Integration tests (gated on BQAA_LIVE=1 env var, same gate pattern as existing live tests):
tests/integration/test_evalbench_live.py
Materialize a fixture EvalBench job into a temp dataset.
Call Client.evaluate(LLMAsJudge.hallucination(...), filters=TraceFilter(experiment_id=job_id), dataset="evalbench_agent_events") — assert at least one per-session score, and report.details["execution_mode"] in {"ai_generate", "ml_generate_text", "api_fallback"}.
Docs
docs/evalbench.md — module overview, mirror-table contract, CLI reference.
evalbench-score CLI (thin wrapper around Client.evaluate)
0.25 wk
P0
Unit + integration tests
0.5 wk
P0
Docs + Gemini CLI live demo
0.5 wk
P1
evalbench_scores_imported schema + writer
0.5 wk
P1
Looker view template joining EvalBench scores with BQAA scorecard outputs
0.5 wk
MVP total: 2–3 eng-weeks.
Acceptance criteria
bigquery_agent_analytics.evalbench.EvalBenchRun.from_bigquery(...) reads one EvalBench job_id from evalbench.results + evalbench.scores in any BigQuery location, and source queries filter by job_id at the SQL level.
EvalBenchRun.materialize(...) accepts target_project separate from the source project_id (cross-project import) and writes synthetic agent-events rows into a BQAA-owned mirror table (default evalbench_agent_events) — never into the ADK plugin's production agent_events.
Repeated imports of the same job_id are idempotent — no duplicate rows in the mirror table after the second import.
Imported rows preserve job_id (in attributes.experiment_id), scenario id (in session_id), scorer name, score, generated output, final response or generated SQL, and error fields.
Client(project_id=..., dataset_id=..., table_id="evalbench_agent_events", location=...).get_session_trace("evalbench:{job_id}:{scenario_id}") returns a non-empty Trace against the mirror table. (get_session_trace() uses Client.table_id directly — client.py:788–791 — and has no dataset= override, unlike Client.evaluate(...).)
Client.evaluate(LLMAsJudge.hallucination(threshold=0.7), filters=TraceFilter(experiment_id=job_id)) returns an EvaluationReport with at least one per-session score in live integration tests, with report.details["execution_mode"] in {"ai_generate", "ml_generate_text", "api_fallback"}.
Imported rows produce non-empty trace_text under the LLM judge's STRING_AGG(CONCAT(event_type, ': ', JSON_VALUE(content, '$.text_summary'))) expression, with LENGTH(trace_text) > 10.
bq-agent-sdk evalbench-import and bq-agent-sdk evalbench-score exist and work end-to-end against a real EvalBench job.
docs/evalbench.md documents the mirror-table contract with file/line references back to the queries that depend on it.
One example under examples/ runs end-to-end against datasets/gemini-cli-tools/ from EvalBench.
Importer handles missing tool_call and final_response fields gracefully; missing nl_prompt is a hard error.

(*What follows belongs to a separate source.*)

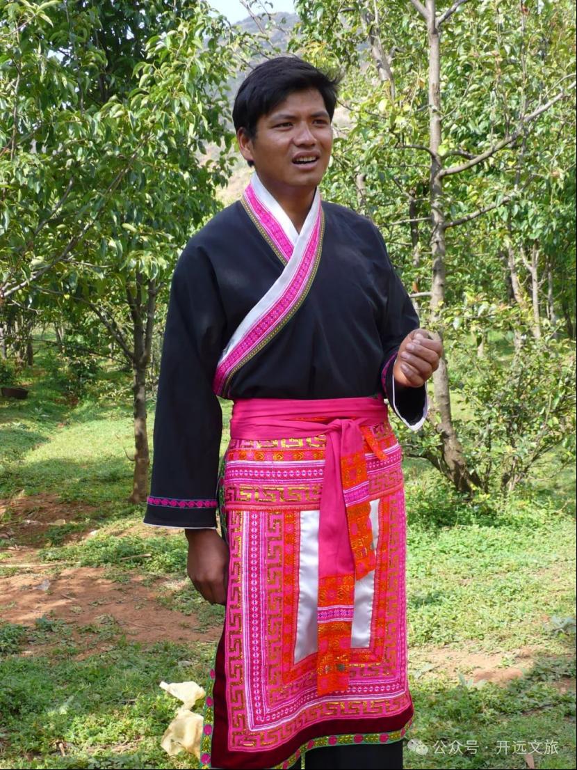 男装:碑格乡彝族(濮拉)男装以深蓝、黑色为基调。上衣右衽、前襟及袖口均有红色的手工绣品。左襟有一个大内袋,外出狩猎时装食物。外加穿前后襟开衩的麻布褂子(上半乡穿羊皮褂子)。裤为七分裤,为方便跋山涉水,裤脚大到可装一个人。腰带为红色手工编织,系一块红色手绣长围裙。

EvalBench has a docs-only example showing how to enable BigQuery reporting and then run the BQAA evalbench-import / evalbench-score commands (cross-PR coordination with evalbench#357).
Coordination
Roadmap BigQuery Agent Analytics Roadmap #96 (BQAA Agent Analytics roadmap). This work is not yet on the roadmap; it lands well as a P1 follow-up under the Evaluation Platform track because:
It exercises Client.evaluate(..., dataset=...) and LLMAsJudge over an external trace source, which surfaces sharp edges before the unified evaluation_results schema lands.
It provides a second customer for TraceFilter(experiment_id=...), currently only used by the agent-improvement-cycle path.
Recommend adding it as a P1 row in the roadmap table after Quality Scorecard Phase 1 lands. Owner: Engineer 1 (Evaluation Platform track) once Scorecard Phase 1 is shipped, OR a contributor PR if community capacity shows up first.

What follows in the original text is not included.